■ WHAT IS NEEDED
Only the lines from the opening of the material through the line bearing "具体而言,当投资者购买 BSOL 份额后,Bitwise" should be reproduced, exactly and without pictures.

■ DATA SECTION
####################

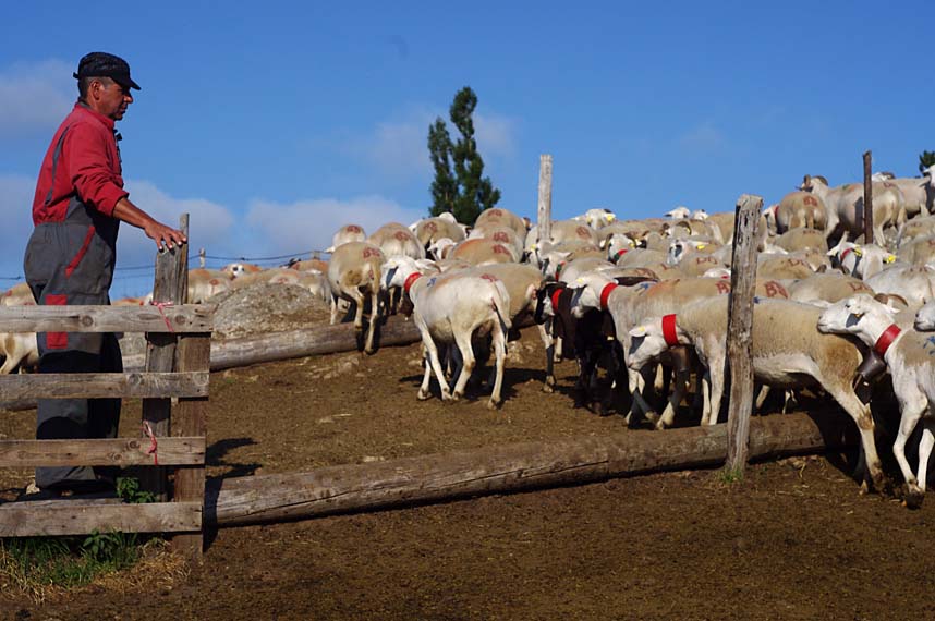 <<Pour reconnaître les bêtes, je ne me fie pas aux cloches. Qu’elles aient une cloche ou qu’elles n’en aient pas, je fais ça à la vue. Ici, c’est assez découvert. S’il en reste une, c’est qu’elle a un problème et on peut le remarquer bien avant qu’elle sorte du troupeau. Dans le parc, je remarque celles qui ont un problème. Dans le parc, elles se groupent par troupeau d’origine, mais la journée, elle se mélangent.
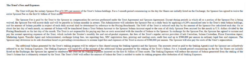 具体而言,当投资者购买 BSOL 份额后,Bitwise 会以资金购买等量的 SOL,并将其托管在 Coinbase Custody。随后,资产会被分散质押至超过 100 个验证节点。质押所产生的奖励在扣除约 6% 的节点佣金和 0.2% 的年化管理费后,全部计入基金净值,而非以现金分红形式派发。
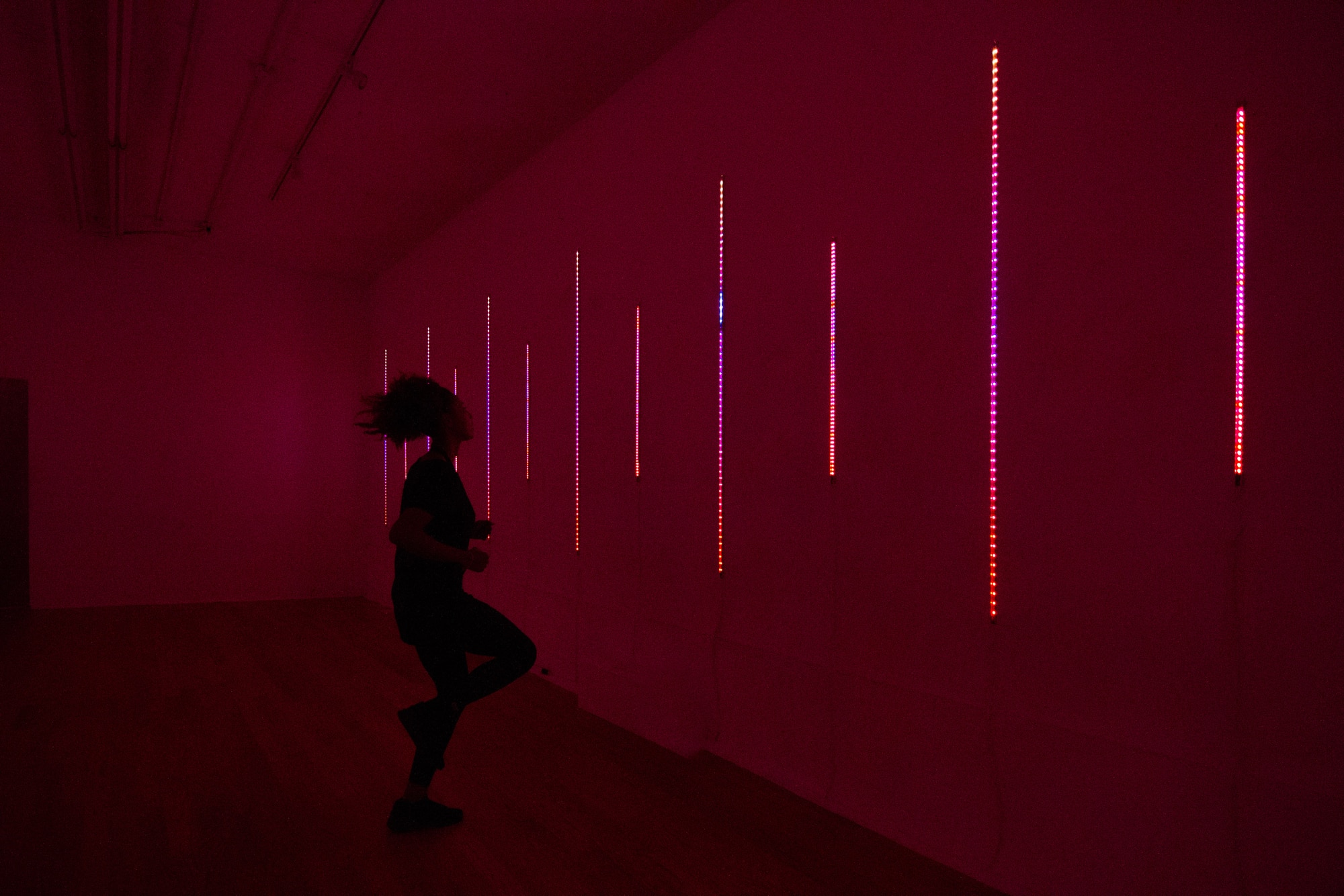 Presented in collaboration with Berlin-based IMRSV Arts, "Emerge" transformed the Philly Art Collective Gallery into a dynamic, immersive environment that responded to the human body in real time. Two 40-foot displays composed of LED pixels and aluminum translated each viewer's heartbeat into evolving light compositions in response to live music. "Emerge" created an intimate connection between performer and audience, amplifying each moment through responsive, real-time visuals.

####################

■ ANSWER FOR THIS EXERCISE
 <<Pour reconnaître les bêtes, je ne me fie pas aux cloches. Qu’elles aient une cloche ou qu’elles n’en aient pas, je fais ça à la vue. Ici, c’est assez découvert. S’il en reste une, c’est qu’elle a un problème et on peut le remarquer bien avant qu’elle sorte du troupeau. Dans le parc, je remarque celles qui ont un problème. Dans le parc, elles se groupent par troupeau d’origine, mais la journée, elle se mélangent.
 具体而言,当投资者购买 BSOL 份额后,Bitwise 会以资金购买等量的 SOL,并将其托管在 Coinbase Custody。随后,资产会被分散质押至超过 100 个验证节点。质押所产生的奖励在扣除约 6% 的节点佣金和 0.2% 的年化管理费后,全部计入基金净值,而非以现金分红形式派发。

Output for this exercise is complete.